Dans la capitale de l'hindouisme, une mosquée au cœur des disputes religieuses

12:194/02/2024, dimanche
MAJ: 4/02/2024, dimanche
AFP
Des fidèles hindous font la queue pour entrer dans le temple Kashi Vishwanath à côté de la mosquée Gyanvapi à Varanasi, le 3 février 2024.
Crédit Photo : Jalees ANDRABI / AFP
Des fidèles hindous font la queue pour entrer dans le temple Kashi Vishwanath à côté de la mosquée Gyanvapi à Varanasi, le 3 février 2024.

A Bénarès, capitale de l'hindouisme en Inde, des fidèles hindous ont commencé à investir une mosquée, et son gardien, Syed Mohammad Yaseen, s'inquiète de savoir combien de temps les musulmans seront encore autorisés à venir y prier.

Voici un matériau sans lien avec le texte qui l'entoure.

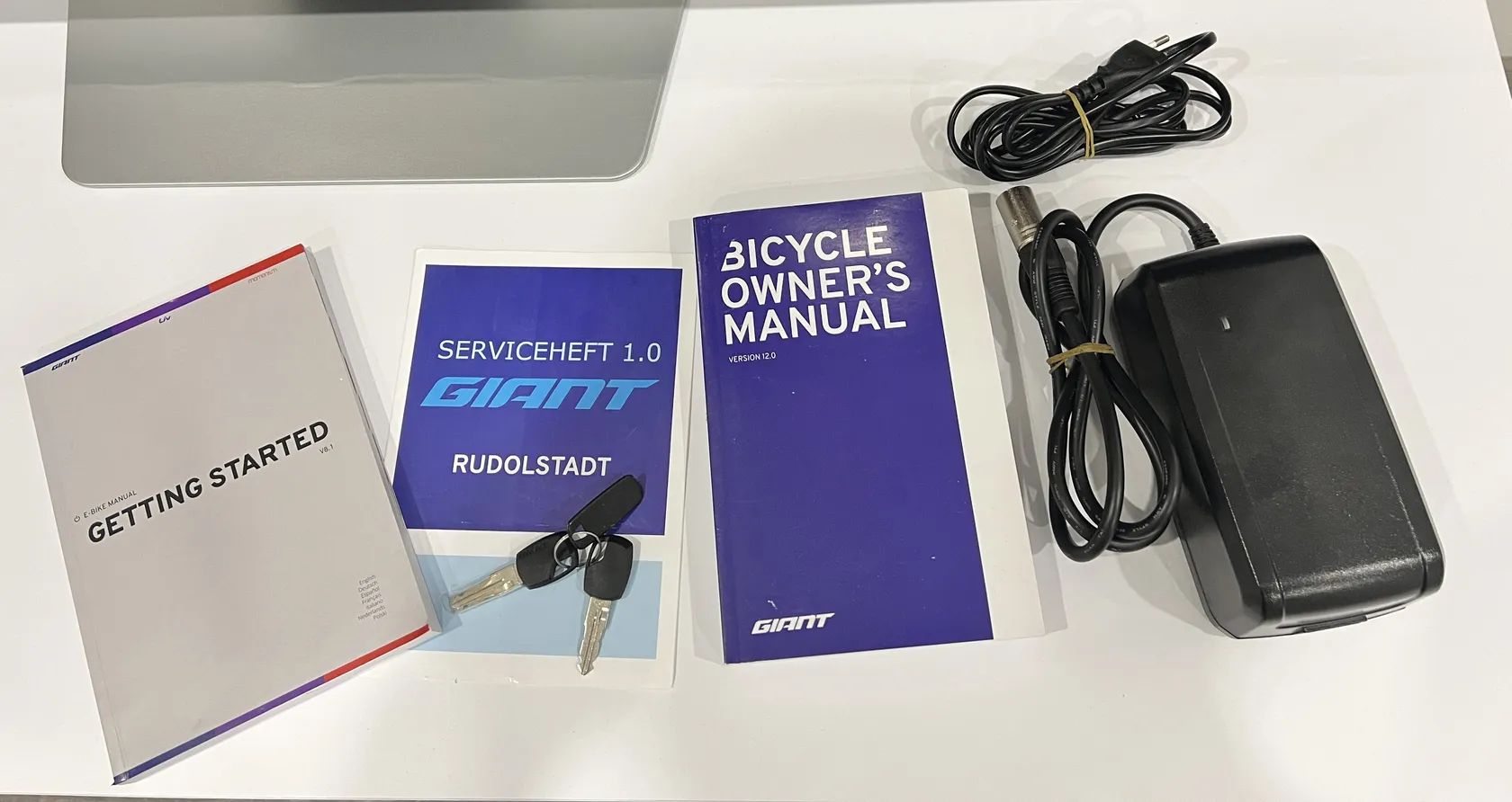 Doklady, manuály, nabíječka na 4A a dva originální klíče.

C'est à Bénarès, appelée aussi Varanasi, que de nombreux hindous viennent incinérer leurs morts au bord du Gange, mais cette ville du nord de l'Inde est aussi le nouveau front d'une bataille menée par les hindous majoritaires pour revendiquer des monuments islamiques vieux de plusieurs siècles en Inde.


Le Premier ministre Narendra Modi, champion de cette cause, a inauguré le mois dernier dans une ville voisine un nouveau temple grandiose sur le site d'une ancienne mosquée démolie par des fanatiques hindous il y a plusieurs décennies.


"Nous sommes témoins de la répression et de cruauté"
, affirme le vieux gardien de 78 ans.

Il ne s'agit pas seulement d'une seule mosquée. Leur slogan dit qu'aucune tombe ou mosquée ne sera épargnée.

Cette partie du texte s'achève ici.